Quote all of the data that follows exactly as written, skipping the images.

• _Available data_:
********************
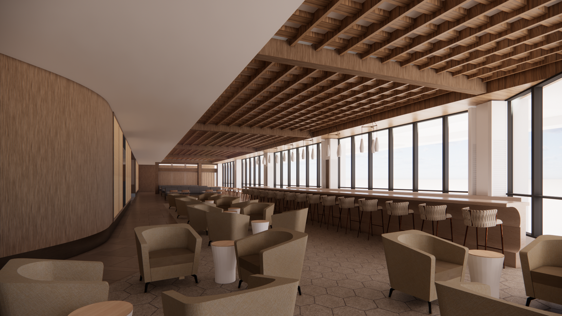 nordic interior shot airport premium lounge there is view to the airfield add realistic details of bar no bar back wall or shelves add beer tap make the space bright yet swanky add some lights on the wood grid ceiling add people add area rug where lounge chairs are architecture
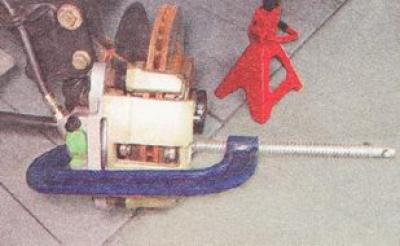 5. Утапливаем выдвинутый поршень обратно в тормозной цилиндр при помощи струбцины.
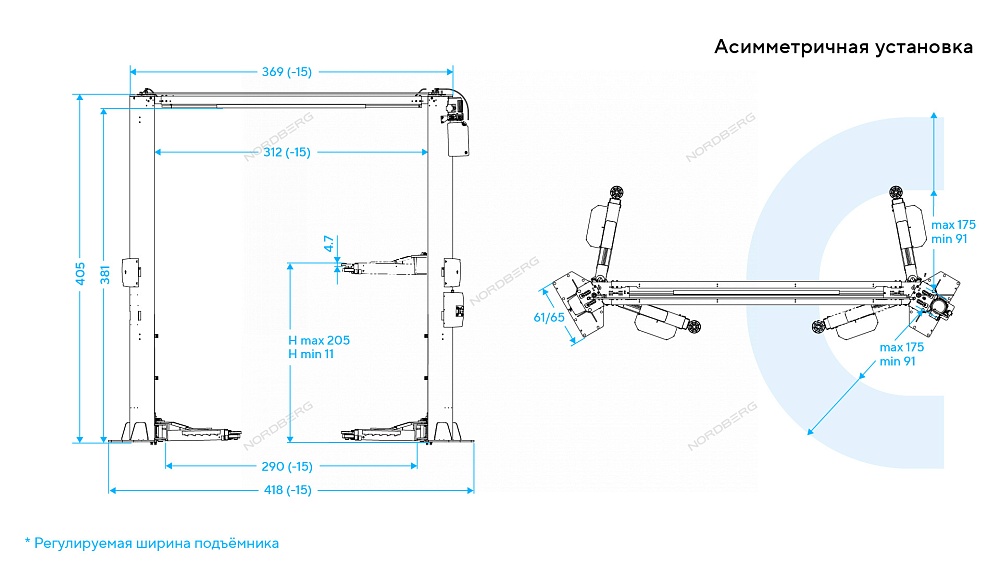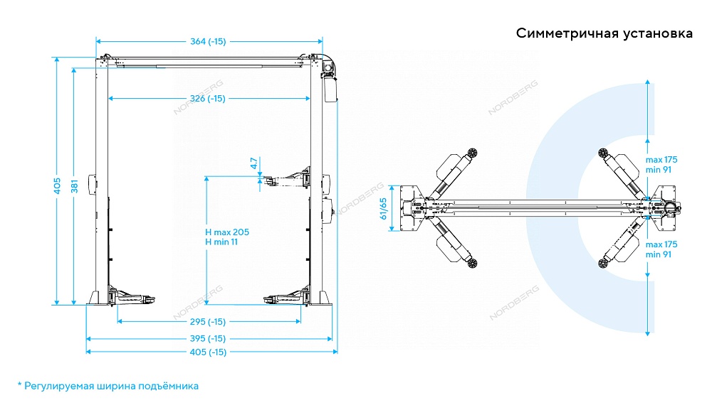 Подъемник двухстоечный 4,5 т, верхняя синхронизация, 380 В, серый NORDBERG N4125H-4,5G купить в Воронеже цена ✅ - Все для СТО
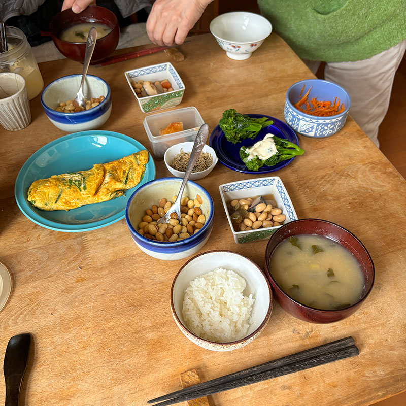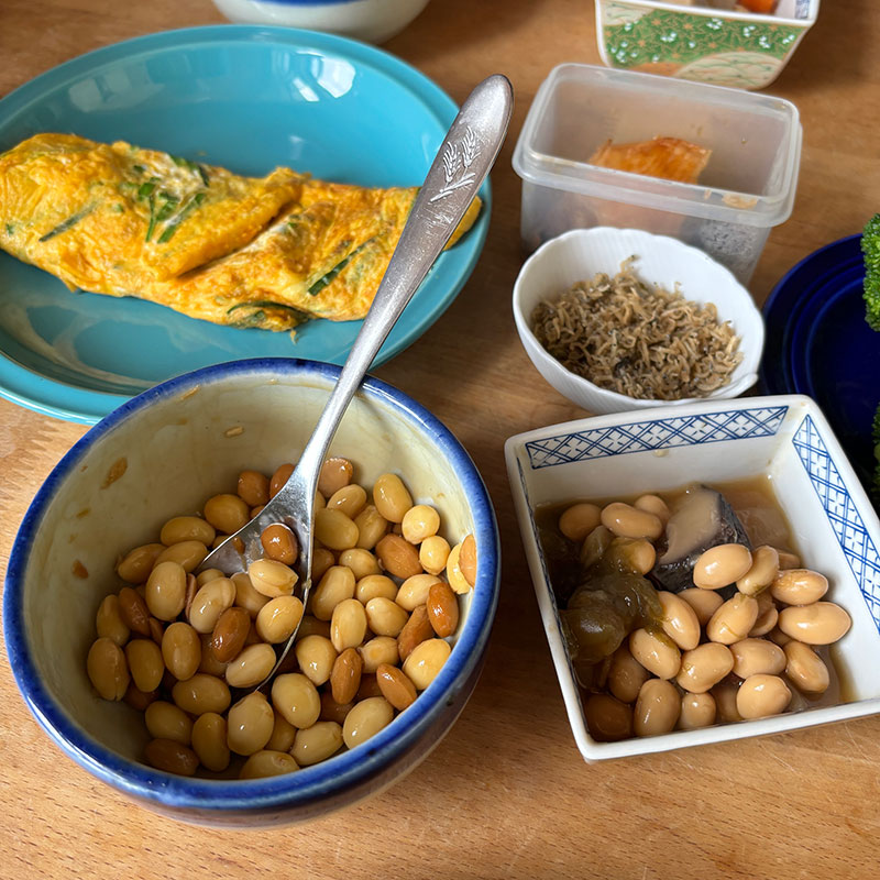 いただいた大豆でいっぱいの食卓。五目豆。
********************
• _Written solution_:
 nordic interior shot airport premium lounge there is view to the airfield add realistic details of bar no bar back wall or shelves add beer tap make the space bright yet swanky add some lights on the wood grid ceiling add people add area rug where lounge chairs are architecture
 5. Утапливаем выдвинутый поршень обратно в тормозной цилиндр при помощи струбцины.
 Подъемник двухстоечный 4,5 т, верхняя синхронизация, 380 В, серый NORDBERG N4125H-4,5G купить в Воронеже цена ✅ - Все для СТО
 いただいた大豆でいっぱいの食卓。五目豆。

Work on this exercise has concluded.